» **Task to complete**
The lines below, from the one containing "为迎接本科教学审核评估,加强" through the one containing "Navy Detroit Michigan", should be set down exactly, with no pictures and nothing else.

» **Supplied data**
┏━━
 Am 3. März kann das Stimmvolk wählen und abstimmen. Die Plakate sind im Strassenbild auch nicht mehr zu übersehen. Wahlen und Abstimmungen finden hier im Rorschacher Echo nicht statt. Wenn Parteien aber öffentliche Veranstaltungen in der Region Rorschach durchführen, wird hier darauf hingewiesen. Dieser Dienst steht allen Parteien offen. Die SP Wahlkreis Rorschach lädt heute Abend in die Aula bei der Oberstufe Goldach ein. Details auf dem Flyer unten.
┗━━
┏━━
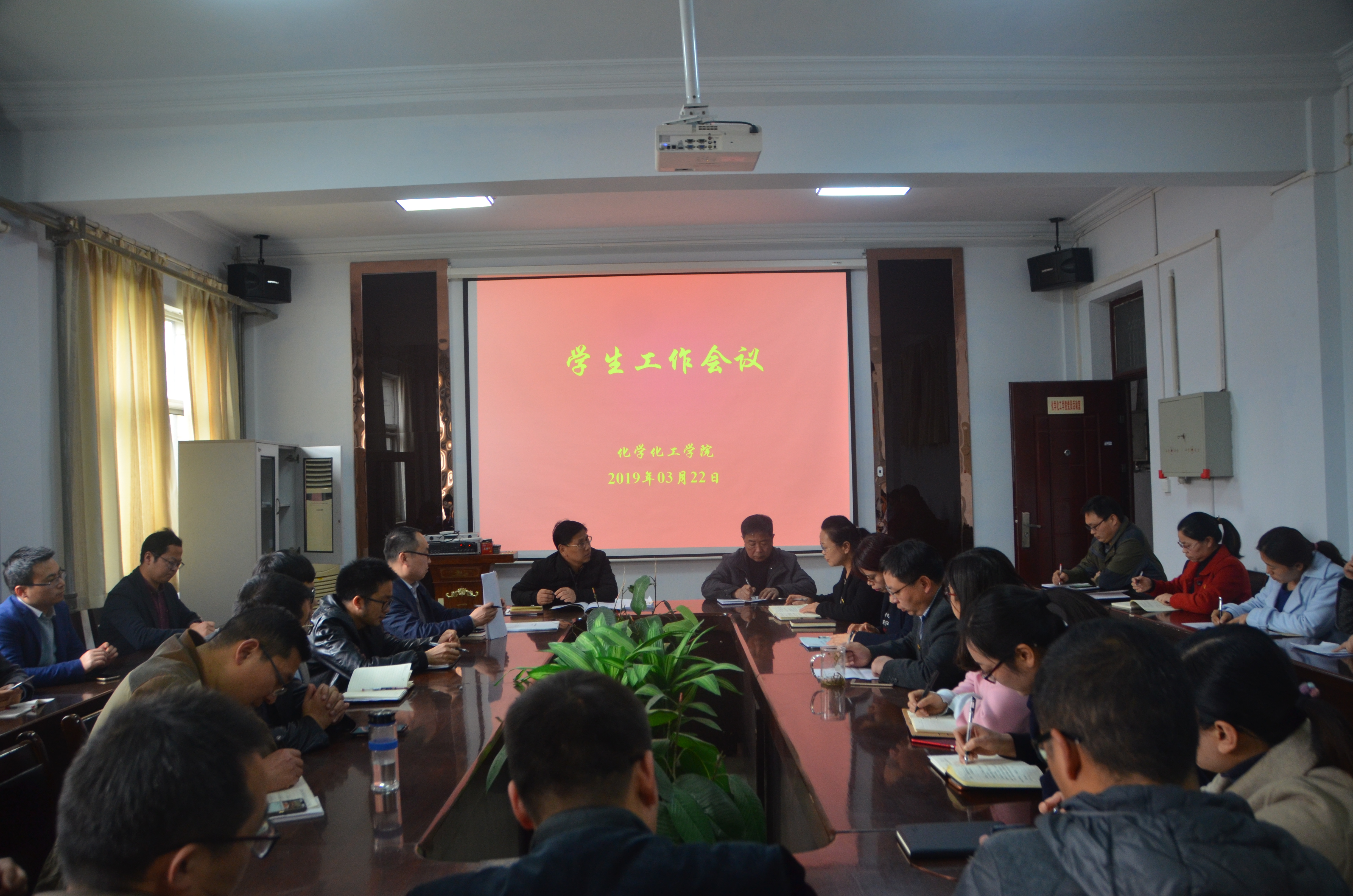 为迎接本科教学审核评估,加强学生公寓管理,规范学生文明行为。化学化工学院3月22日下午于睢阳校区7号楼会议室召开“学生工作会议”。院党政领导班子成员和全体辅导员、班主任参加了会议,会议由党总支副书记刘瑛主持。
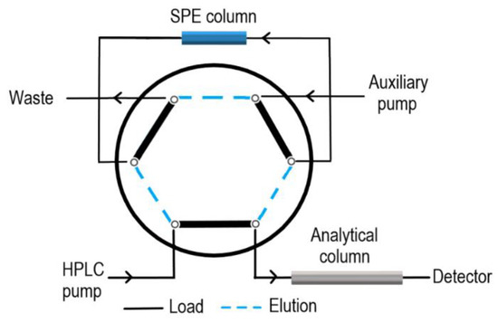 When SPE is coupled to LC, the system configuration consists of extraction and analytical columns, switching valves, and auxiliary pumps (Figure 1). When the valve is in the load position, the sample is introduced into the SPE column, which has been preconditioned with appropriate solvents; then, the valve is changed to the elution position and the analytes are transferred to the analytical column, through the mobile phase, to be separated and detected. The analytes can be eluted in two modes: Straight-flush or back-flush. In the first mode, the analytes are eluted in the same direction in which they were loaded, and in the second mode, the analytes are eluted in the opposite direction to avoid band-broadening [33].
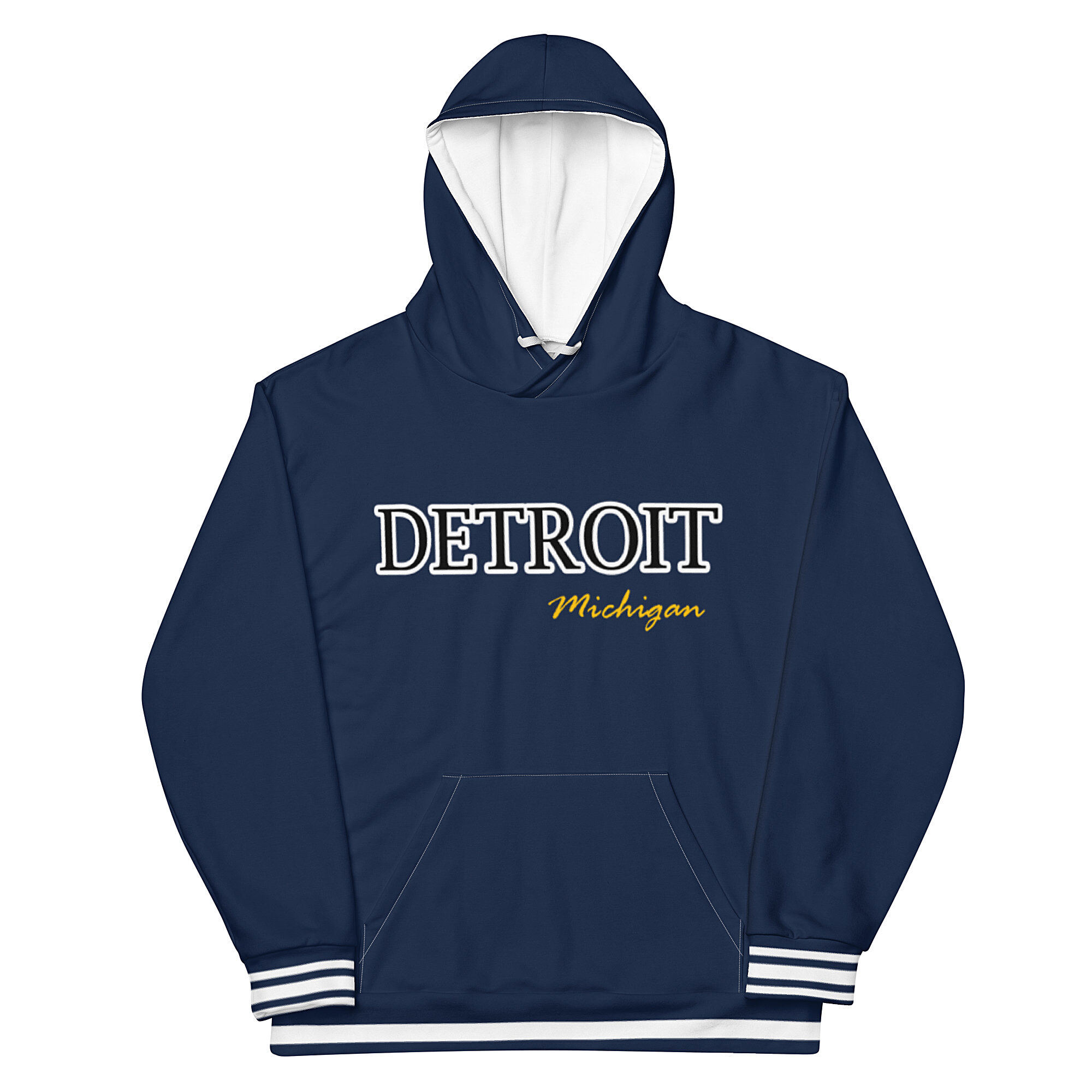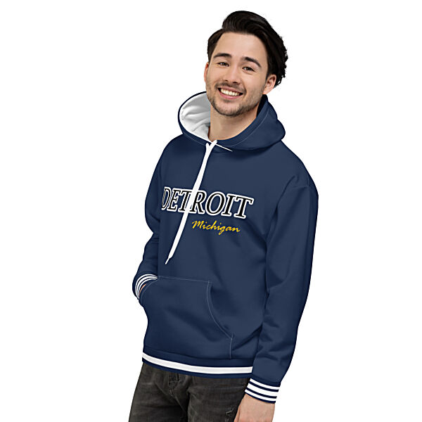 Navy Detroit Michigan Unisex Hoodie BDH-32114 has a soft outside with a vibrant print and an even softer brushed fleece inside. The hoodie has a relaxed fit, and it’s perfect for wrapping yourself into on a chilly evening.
┗━━
» **Exercise solution**
 为迎接本科教学审核评估,加强学生公寓管理,规范学生文明行为。化学化工学院3月22日下午于睢阳校区7号楼会议室召开“学生工作会议”。院党政领导班子成员和全体辅导员、班主任参加了会议,会议由党总支副书记刘瑛主持。
 When SPE is coupled to LC, the system configuration consists of extraction and analytical columns, switching valves, and auxiliary pumps (Figure 1). When the valve is in the load position, the sample is introduced into the SPE column, which has been preconditioned with appropriate solvents; then, the valve is changed to the elution position and the analytes are transferred to the analytical column, through the mobile phase, to be separated and detected. The analytes can be eluted in two modes: Straight-flush or back-flush. In the first mode, the analytes are eluted in the same direction in which they were loaded, and in the second mode, the analytes are eluted in the opposite direction to avoid band-broadening [33].
 Navy Detroit Michigan Unisex Hoodie BDH-32114 has a soft outside with a vibrant print and an even softer brushed fleece inside. The hoodie has a relaxed fit, and it’s perfect for wrapping yourself into on a chilly evening.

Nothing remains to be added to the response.